Initializes internal Module state, shared by both nn.Module and ScriptModule.

forward(input_tensor: Tensor, update_precision: bool = False, get_var: bool = False) Tensor

Forward pass. Only updates the precision matrix if update_precision is set to True.

Parameters:
  • input_tensor (Tensor) – The input x values. Must be a 2d tensor.

  • update_precision (bool) – If True, update the precision matrix. Only do this during training.

  • get_var (bool) – If True, obtain the variance on the predictions. Only do this when generating model predictions (not necessary during training).

Returns:
  • logits (Tensor) – The output predictions, of size (input_tensor.shape[0], out_targets)

  • var (Tensor) – Only returned if get_var is True. Indicates variance on predictions.

Raises:

RuntimeError – A RuntimeError is raised if get_var is set to True but model.eval() has never been called.

Notice that there are two ways to generate the precision matrix. It can either be generated during the course of training, by setting a momentum value between 0 and 1; or, by setting momentum to a value less than 0 (e.g. -1), it will be generated over the course of a single epoch.
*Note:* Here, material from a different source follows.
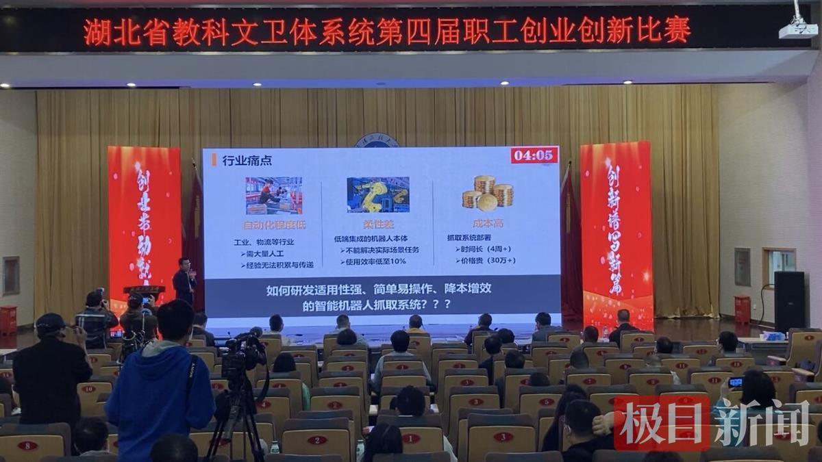 10月28日至29日,湖北省教科文卫体系统第四届职工创业创新比赛暨湖北省第四届“工友杯”职工创业创新大赛21赛区比赛在武汉工程大学进行。本次比赛由湖北省科教文卫体工会主办,武汉工程大学工会承办,来自武汉大学、华中科技大学等湖北省29所高校和企业的100参赛项目进入正式比赛,其中,创新组项目71个,创业组项目29个。根据比赛安排,每位参赛选手进行5分钟PPT路演,回答来自创投界的6名评委和工会评委的提问,7名评委则根据技术创新、创业团队、带动就业作用等一系列标准打分,决出比赛排名。

If you are going to use the first strategy, you should pass update_precision=True to the forward function of VanillaRFFLayer on every epoch. Otherwise, you should leave update_precision=False (the default) during every training epoch right up until the last epoch, then set update_precision=True during that last epoch. The first strategy gives a slightly less accurate estimate of uncertainty but is easier to implement; the latter is slightly more accurate and is cheaper during training (except during the last epoch).

As soon as you call model.eval() on your model, the model will use the precision matrix (however generated) to build a covariance matrix. The covariance matrix is then used to estimate uncertainty any time you call forward with get_var set to True. If you try to call forward with get_var set to True without ever calling model.eval(), a RuntimeError will be generated. If you call model.eval() but you never set update_precision=True at any time during training, a covariance matrix will still be generated, but the uncertainty estimates it supplies will not be accurate, so make sure you set update_precision=True at some point during training as described above.